Why is Dogecoin (DOGE) price down today?

Altcoins

The price of Dogecoin (DOGE) dropped 4.6% to $0.0808 under the influence of a broader crypto market correction on April 12. This downside move preceded the release of the U.S. consumer price index (CPI), which showed inflation eased to its lowest level in two years.

Dogecoin wipes out Elon Musk-led gains

Dogecoin’s latest price drop appeared also after Elon Musk-owned Twitter removed the token’s official mascot — the Shiba Inu meme — from its home button to reinstate its original bluebird logo.

Previously, DOGE price had surged by 30% to $0.104 on April 3 as speculations emerged that Musk is working on adding a Dogecoin payments on Twitter.

Instead, the website removed the Dogecoin logo from its home button around April 7. Since then, DOGE price has lost 5.25% and has effectively wiped out its Dogecoin-Twitter logo gains.

Related: Will Shiba Inu tail Dogecoin’s price rally?

DOGE price eyes 15% rebound 

Nevertheless, DOGE should attract buyers near $0.080, which coincides with a support confluence comprising its long-standing ascending trendline and its 50-day exponential moving average (50-day EMA; the red wave), as shown below.

A bounce after or before testing the support confluence could put DOGE/USD on the road to $0.10 in April or early May, up around 15% from current price levels.

“High time frames this is an area of huge volume, probably a fine area to accumulate a spot position,” noted independent market analyst Altcoin Sherpa, adding:

“But it could take a long time to play out as it normally does, so the opportunity cost of that $ could be pricey.”

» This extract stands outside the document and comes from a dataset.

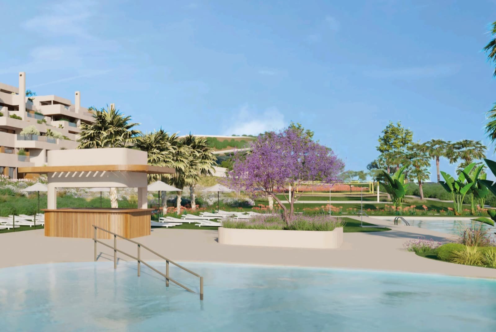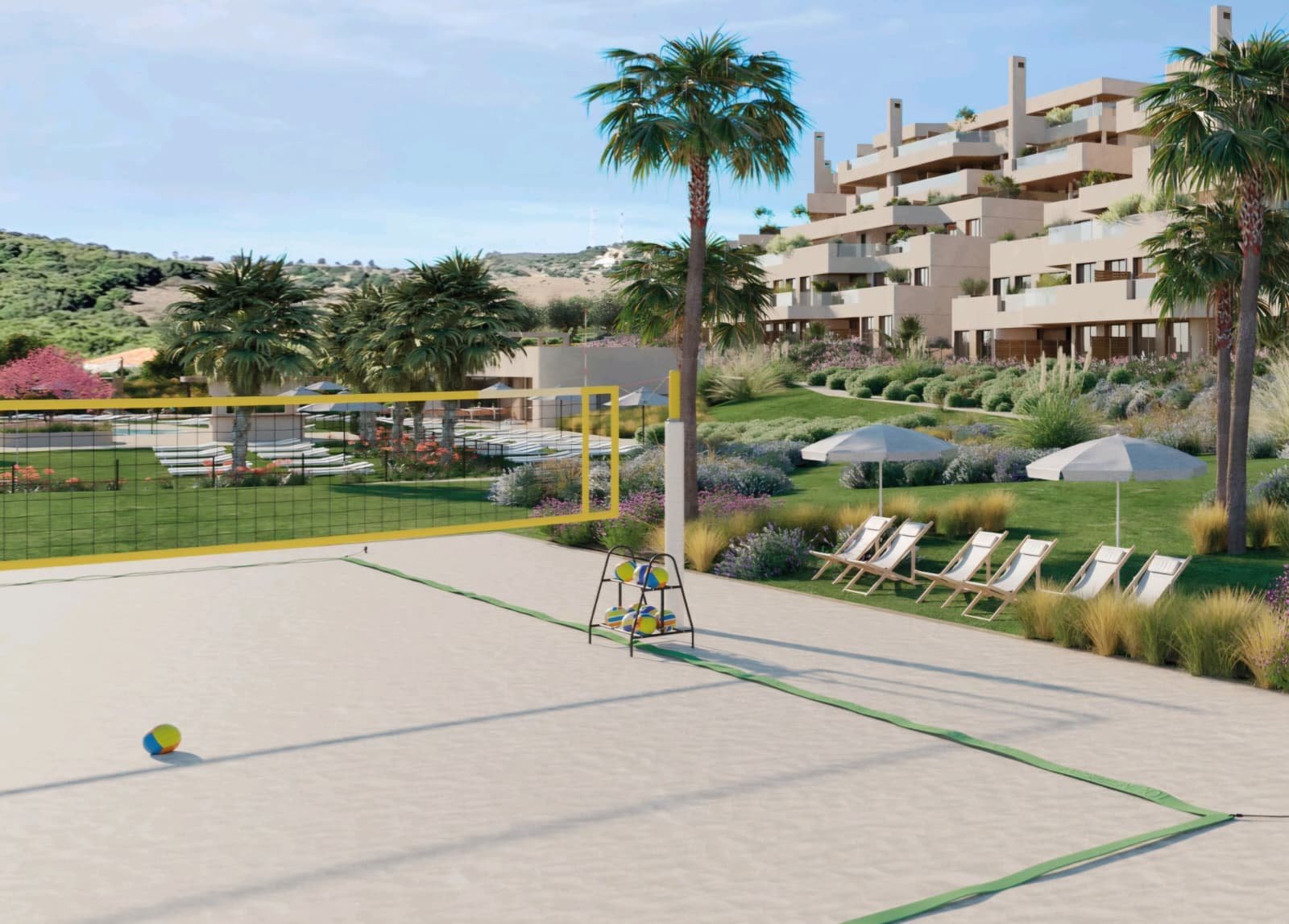 La urbanización ofrece completas zonas comunes para todos los estilos de vida, que incluyen piscina exterior para relajarse al sol, spa, área de meditación, gimnasio totalmente equipado, pista de vóley playa, circuito de running y espacio de coworking. Además, cuenta con zona de picnic, pool bar, parque infantil y piscina para los más pequeños, creando un entorno ideal tanto para familias como para quienes buscan bienestar y ocio en un mismo lugar.

Conversely, a decisive break below the support confluence could increase DOGE’s probability of falling toward $0.069. This level coincides with Dogecoin’s multi-month ascending trendline support; it was also instrumental in limiting downside in December 2022.

This article does not contain investment advice or recommendations. Every investment and trading move involves risk, and readers should conduct their own research when making a decision.